(first posted 1/2/2012)
Ah, the noble Range Rover.
In the mid-1960s, Rover looked West, and saw that usable 4x4s were beginning to gain traction (groan) in the United States. Wheels began turning (alright I’ll stop) in Britain, and 1970 saw the birth of what would become the archetypal luxury SUV. The Range Rover could accomplish anything a contemporary road car could, combined with an ability to tackle the roughest terrain. Short overhangs, long-travel coil springs, and the torquey Rover 3.5 L aluminum V8 (neé Buick 215) made it hugely capable both on the road and off, in a way that no vehicle of its time could match.
How it started its long life in 1970
The press and public loved it immediately, and over its long life it spawned many imitators; none ever achieved the same combination of class and versatility the Range Rover could offer, although the Lamborghini LM002 at least took things in a slightly different (read: totally awesome) direction.
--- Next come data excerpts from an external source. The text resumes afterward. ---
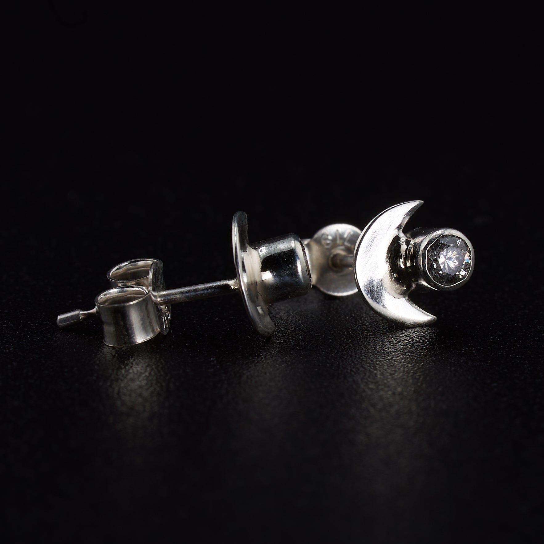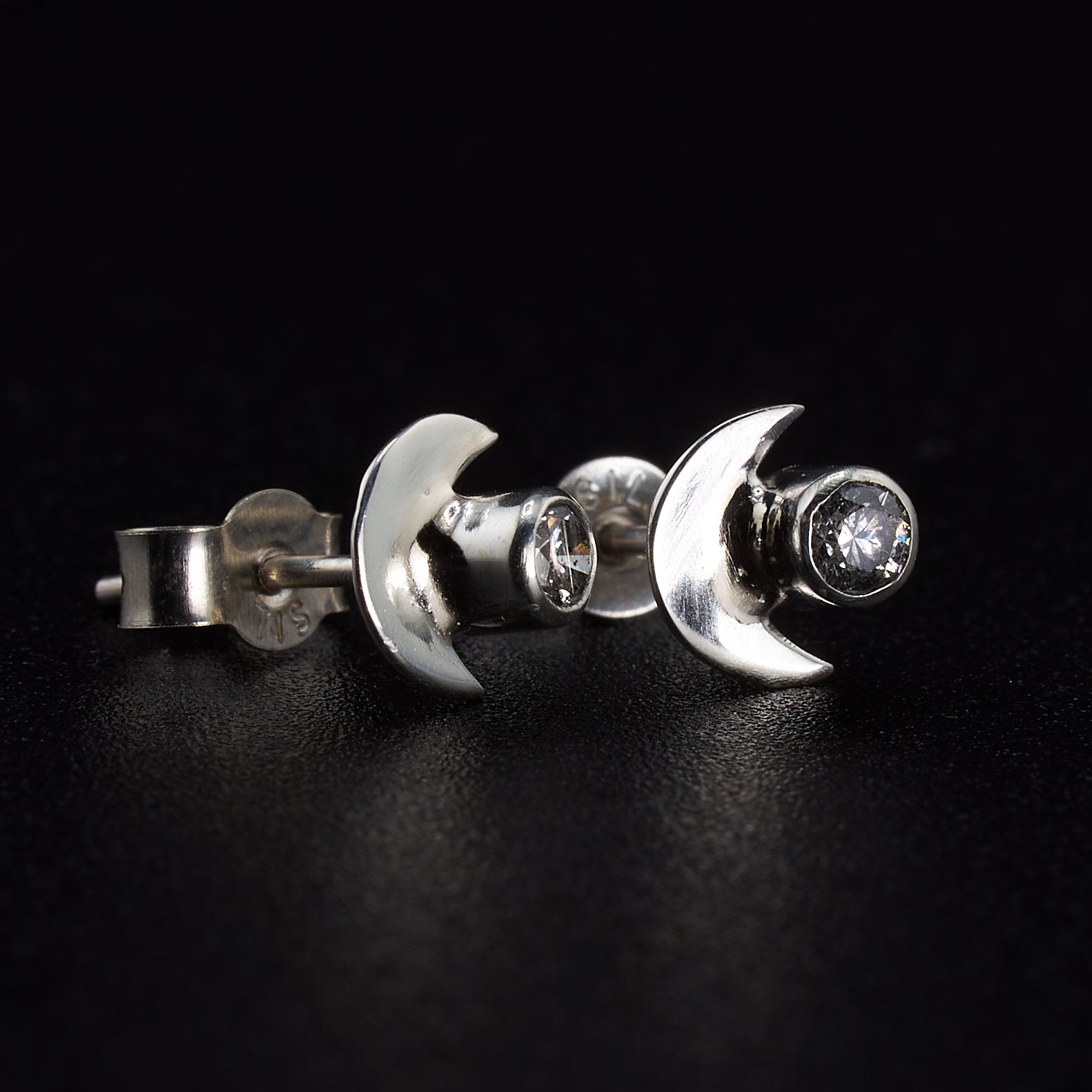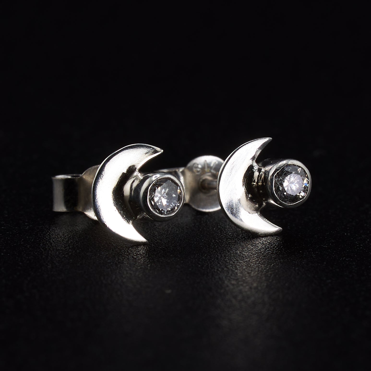The Magic: The light of a crescent moon captured in silver brings luna magic to your everyday, while salt & pepper diamonds whisper words of earthly wisdom into your ears. A silver spell for hope, resilience and strength.
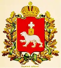 Герб Пермской губернии утвержден в 1856 году: «В червленом поле серебряный идущий медведь: на спине его золотое Евангелие, на коем серебряный крест с четырьмя лучами. Щит увенчан Императорскою короною и окружен золотыми дубовыми листьями, соединенными Андреевскою лентою»[3].
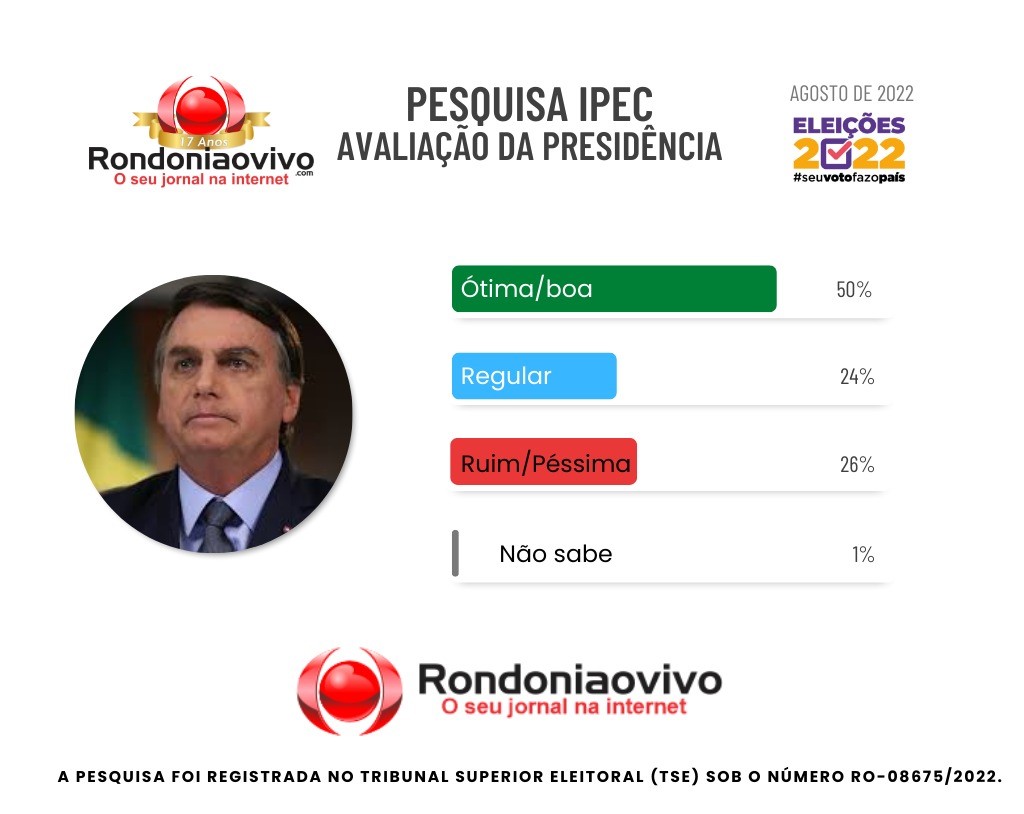A pesquisa do IPEC também perguntou como o eleitor avalia a gestão do presidente Jair Bolsonaro (PL).
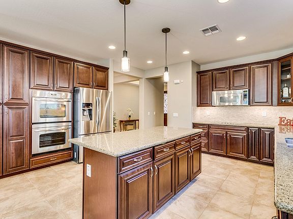 FORMER MODEL, this home comes with extensive upgrades. Gourmet kitchen, GE Profile Appliances, double oven, 42'' upgraded cabinets and drawers, granite countertops, stone backsplash, under cabinet lighting, 8 ft tall doors, custom shutters in every room, closets by Classy Closets, 18'' floor tile, exterior video security system, sensors on every window and door, carbon monoxide and rolling smoke detectors, built in audio and surround audio, 5 other speakers adjustable around the home, special tech upgrades everywhere. 3 zone Nest controlled, app accessible, heating and cooling. 6 zone exterior watering system with access points every 5 feet. Whole house soft water. R/O system. Trane AC/heater. Exterior timed lighting. The list goes on and on. CALL US TO SET UP A VIEWING.

By the time the original Range Rover finished its long production run in 1996, the SUV market had been booming for some time. The Gold Rush was on, and the Range Rover quickly shed its early seventies’ utilitarian starkness and became plush, like everything else in its genre else during the eighties and nineties.
I love these cars. Every time I see one I’m consumed with longing. I yearn to have one.
This one remains on daily driver duty, probably with a family. I’m sure the children love the comfort and the view from the large windows. Sorry I couldn’t get better photos of the interior. If I ever need to capture window reflections, I know which camera to use.
Teddy bears were an optional extra.
Door handles, like the controls in the cabin, can be easily operated while wearing gloves.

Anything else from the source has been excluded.